Williams v. Caterpillar, Inc.

Related Cases

720 F. Supp. 148 (1989)

Cecil L. WILLIAMS, et al., Plaintiffs,
v.
CATERPILLAR, INC., a Corporation, et al., Defendants.

No. C-88-1281 EFL.

United States District Court, N.D. California.

September 5, 1989.

*149 Richard Grosboll, Neyhart, Anderson, Nussbaum, Reilly & Freitas, P.C., San Francisco, Cal., for plaintiffs.

Julie L. Bertelsman, Seyfarth, Shaw, Fairweather & Jeraldson, San Francisco, Cal., for defendants.

ORDER GRANTING SUMMARY JUDGMENT FOR DEFENDANT

LYNCH, District Judge.

I. INTRODUCTION

This matter comes before the Court on cross-motions for summary judgment. A hearing was held on July 21, 1988, at which time the Court issued a tentative ruling. For the reasons given from the bench and recapitulated below, the Court grants summary judgment to the defendants.

The following facts are not in controversy. The plaintiffs are all former employees of defendant Caterpillar, Inc. All were hired as hourly workers at the San Leandro, California plant. Each at some point was promoted to a salaried management position. Economic reverses led Caterpillar *150 to institute a cost-reduction program. As part of this program, plaintiffs were demoted back to hourly positions covered by the local bargaining unit.

Plaintiffs allege they were promised that the demotions were temporary. Instead, each plaintiff was eventually terminated between September 1984 and April 1985.

Plaintiffs seek injunctive and declaratory relief and damages for the benefits due them under the Caterpillar pension and health plans. Both non-union and union employees are covered by plans (hereinafter "management plan" and "union plan") which provide pension and health benefits upon retirement. Plaintiffs allege that the defendants misrepresented their future at the company and the effect of demotion on their retirement benefits. This Court has jurisdiction over their action pursuant to the Employee Retirement Income Security Act of 1974 (ERISA), 29 U.S.C. section 1104 et seq.[1]

II. DISCUSSION

A. Vesting of pension benefits

On November 4, 1988, this Court granted partial summary judgment for the defendants on Counts 1 through 3, leaving open only the question of whether the benefits formula was correctly applied to each plaintiff. Defendants' motion for summary judgment on the remaining issue is unopposed.

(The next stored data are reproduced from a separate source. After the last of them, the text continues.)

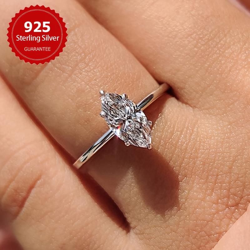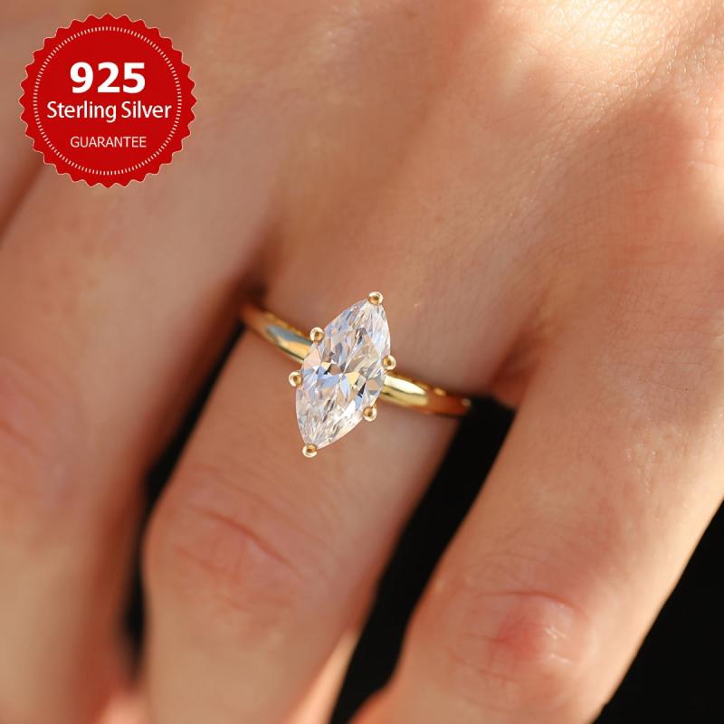 Stunning 1ct marquise moissanite engagement ring crafted in 925 sterling silver with a 6 prong setting. The perfect gift for brides and ring enthusiasts.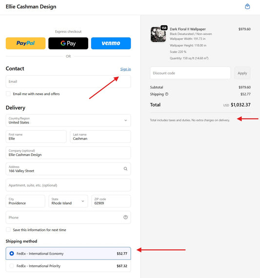 Ordering custom wallpaper from Ellie Cashman Design takes just a few minutes. You'll use our Wallpaper Configurator to select your color and material, enter your wall dimensions, and customize the scale and placement of the design. Once you're happy with your selections, simply add to cart and check out - we'll handle the rest. This page guides you through the entire process.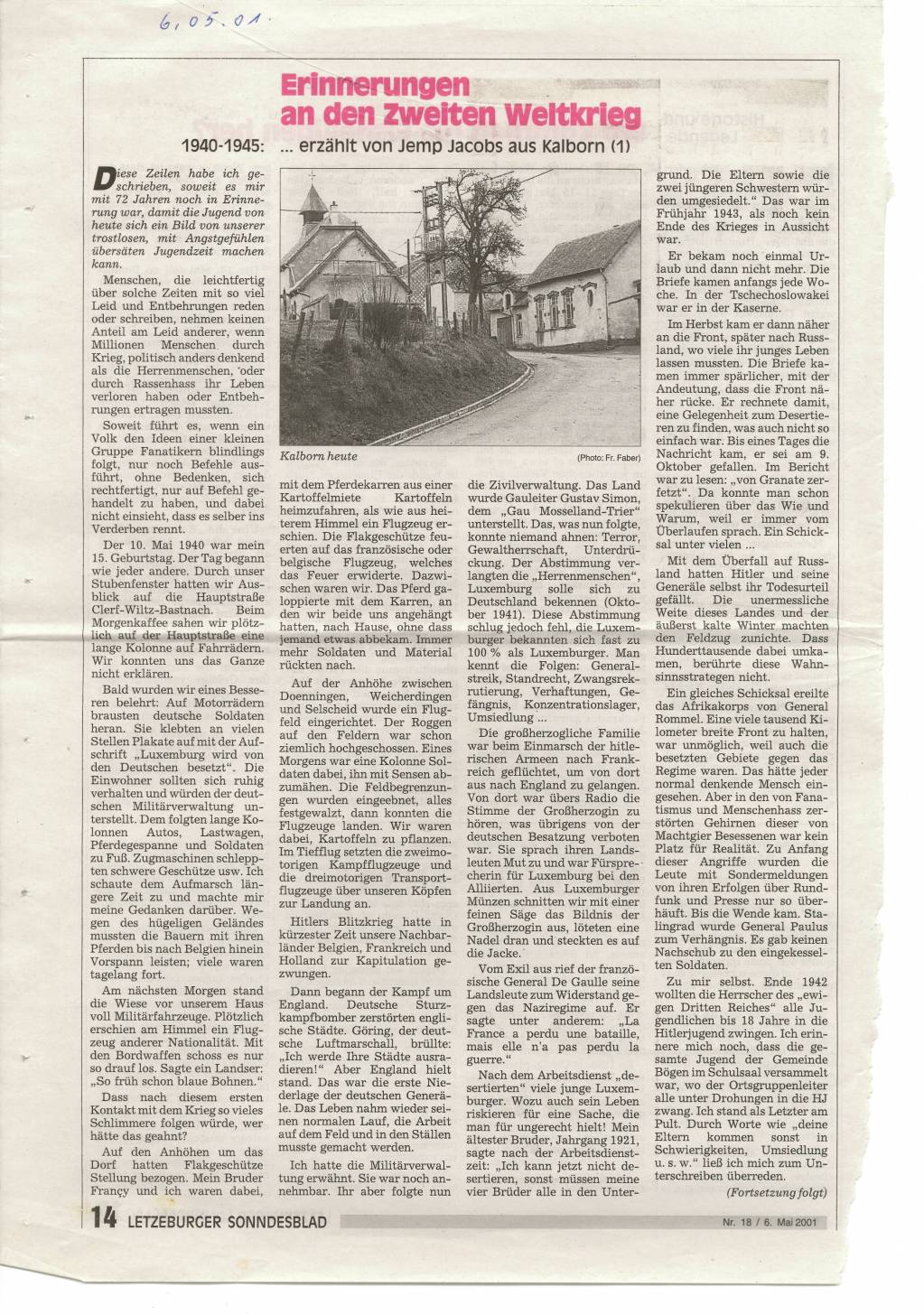 Jacobs Jemp Kalborn Sonndesblad 06.05.2001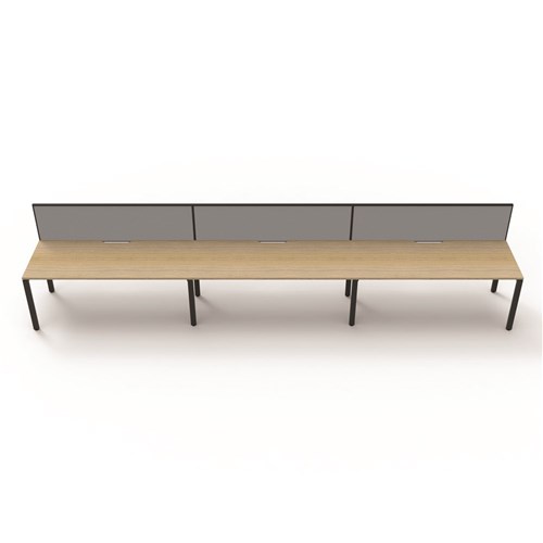 Maximise space and create an efficient working environment with Deluxe Rapid Infinity. Configure multiple workstations together to create pods of desks. Overall: 5400mm W x 780mm D x 1200mm H (including screen). Per User: 1800mm W x 750mm D x 730mm H. 495mm H x 30mm T pinnable privacy screen upholstered in grey fabric with matching black powder coat extrusion. Natural Oak worksurface with 410mm W x 50mm D scallop cable access. 60mm x 30mm Profile Leg adds a minimalist look to each workstation. Deeper 750mm top. Double support rail for extra strength. E0 Enviroboard. 5 Year Manufacturer's Warranty. Delivery, installation and assembly charges may apply to furniture. Please enquire to confirm.
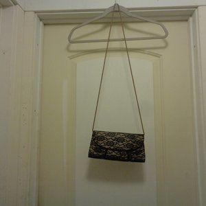 RETRO STYLE GREY & BLACK LACEY ENVELOPE PURSE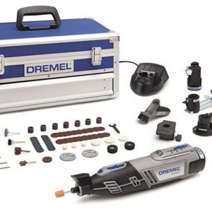 - Lieferumfang: Dremel 8220, 2x 2,0 Ah Akku, 65 tlg. Zubehör, Präzisionshandgriff, Modellierungstisch, Kreis-und Parallelschneider, Fräsvorsatz, Schutzhauben-Vorsatz, Ladegerät, Aluminium-Werkzeugkoffer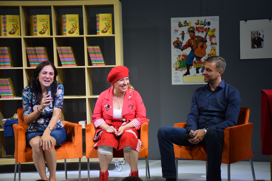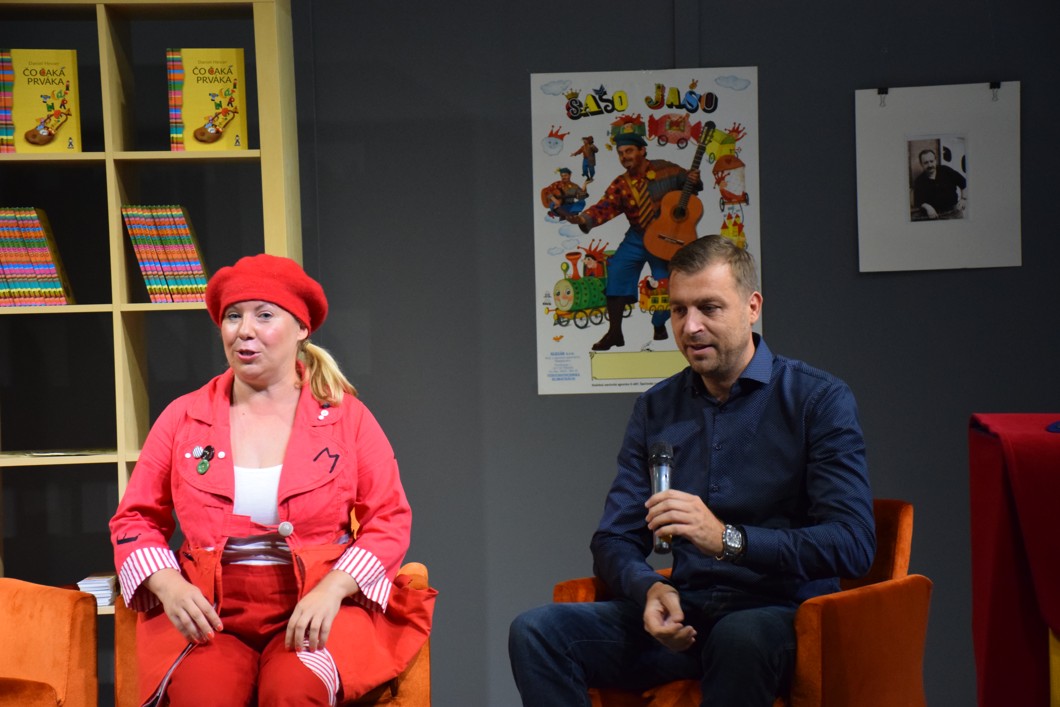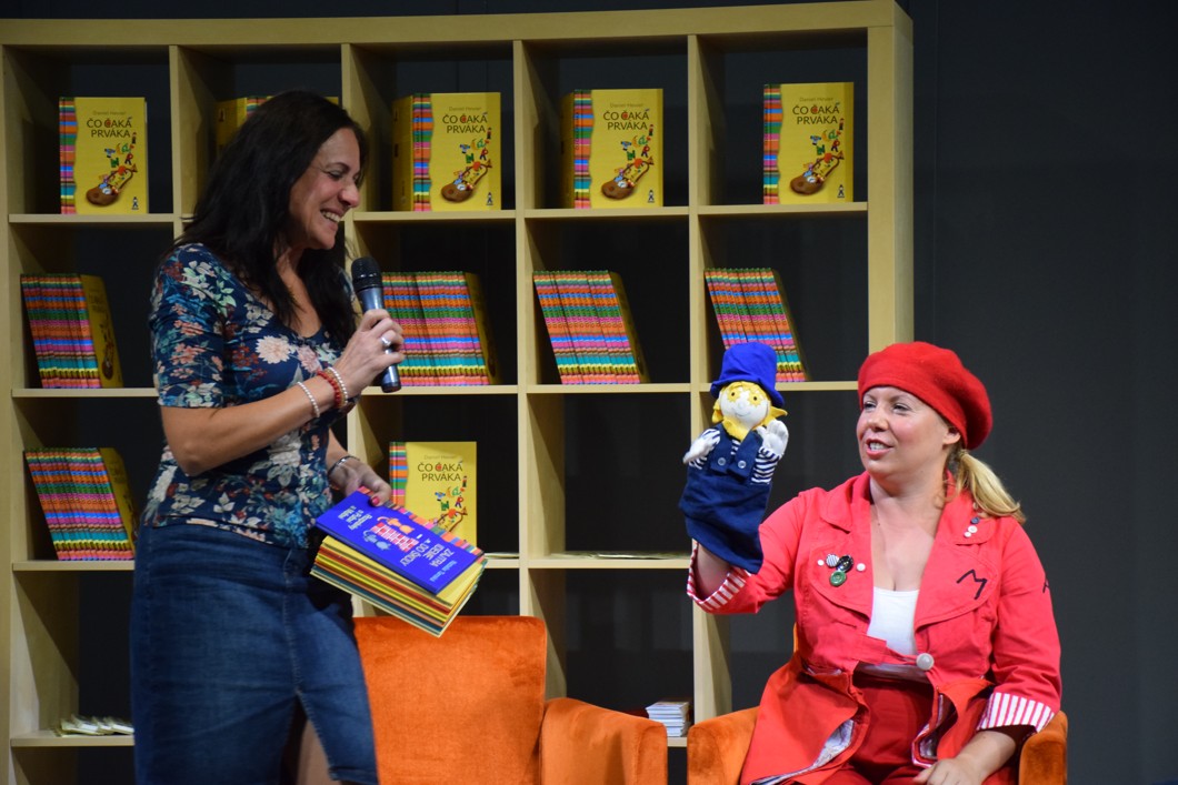 Účinkuje bábkoherečka Barbora Krajč Zamišková, editorky knihy Milica Matejková a Mária Števková a primátor mesta Piešťany, Miloš Tamajka.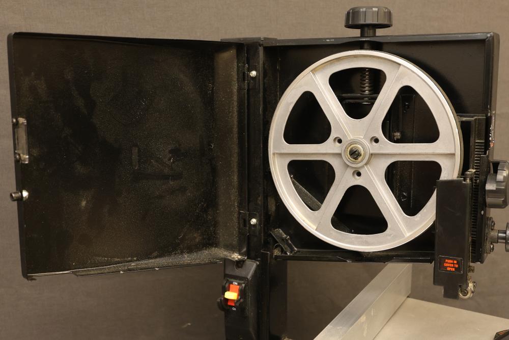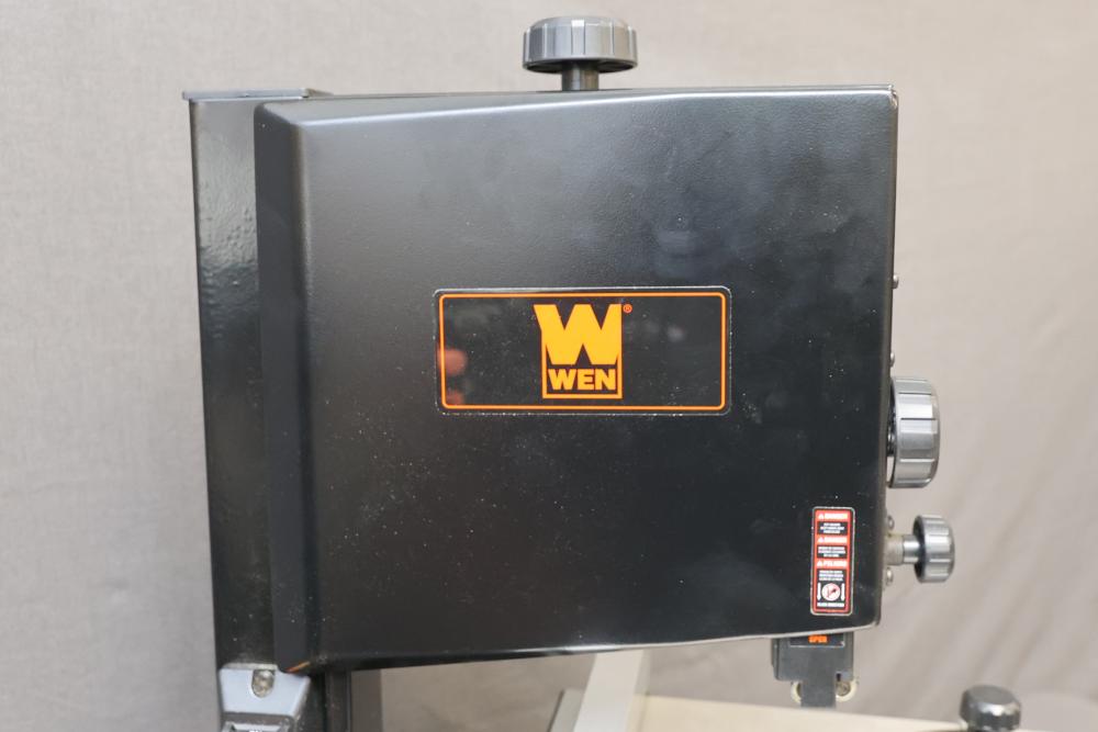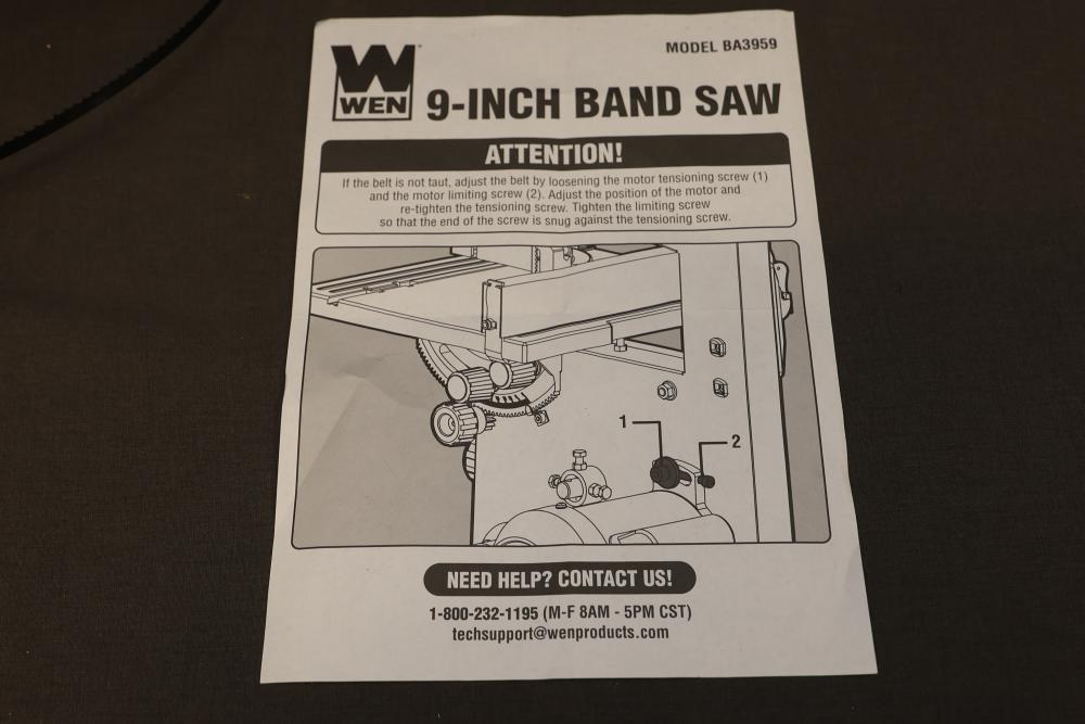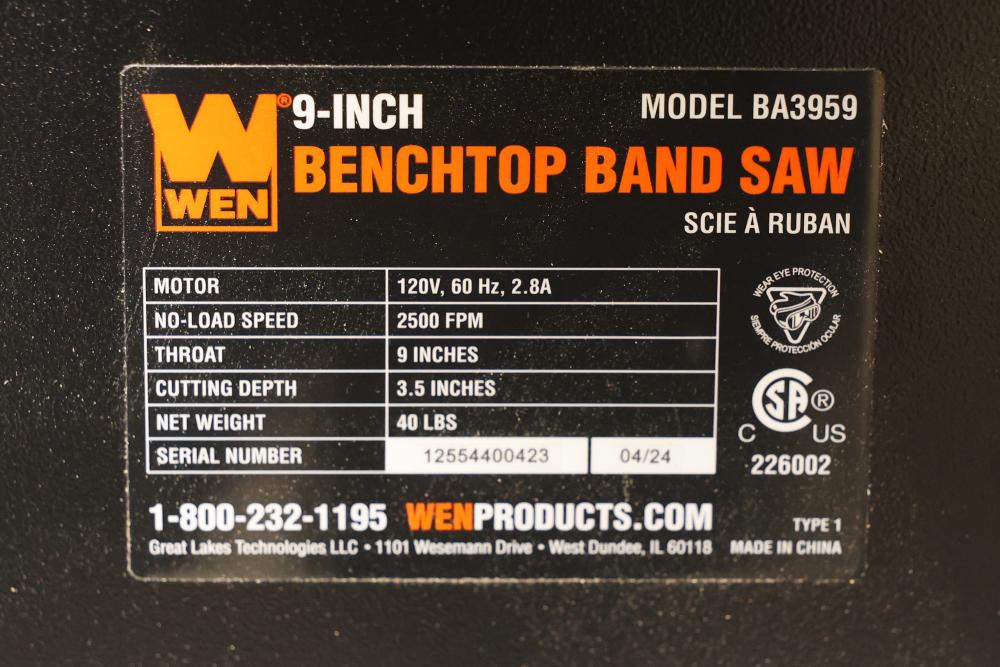 WEN 9-Inch Benchtop Band Saw Model BA3959. Features include a 2.8A motor with a no-load speed of 2500 FPM, a 9-inch throat, and a 3.5-inch maximum cutting depth. Includes instruction manual and additional accessories pictured. Pickup only.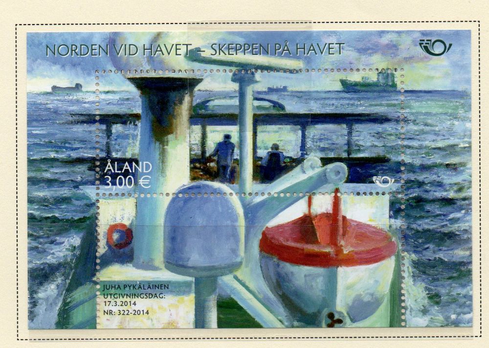 Aland ( Finland ) Scott Catalogue number 354 2014 Bridge & Freighter and ships on horizon stamp souvenir sheet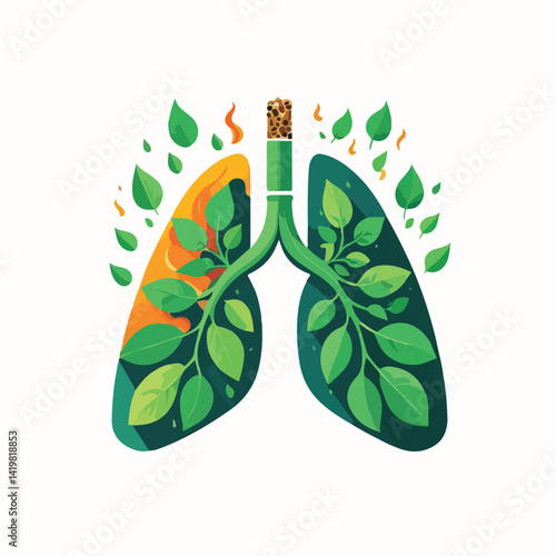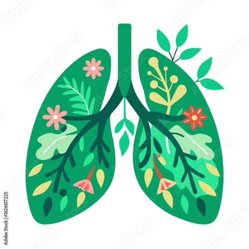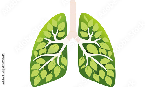 Nature lungs with leaves inside, vector illustration in paper art style. Green lungs of planet Earth. Save nature, environment, ecology.

B. Misrepresentations about pension benefits

In Count 4, plaintiffs maintain that defendants violated their fiduciary duties by misrepresenting the effect of the demotions on their retirement benefits. Because defendants urged them to see Caterpillar through its economic difficulties, plaintiffs allegedly did not pursue other employment in which they could have earned greater benefits. The Court awards summary judgment to the defendants as to Count 4 because beneficiaries have no right to extracontractual damages.

Section 502(a) sets forth the six civil actions by which the terms of a plan and ERISA may be enforced. Although plaintiffs do not identify the provisions on which they rely, sections 502(a)(2) and (3) are the only plausible sources for the relief they seek. The former allows a participant to sue to recover benefits due him under the plan. The Court has already concluded that the plaintiffs are being paid all benefits for which Caterpillar is contractually obligated.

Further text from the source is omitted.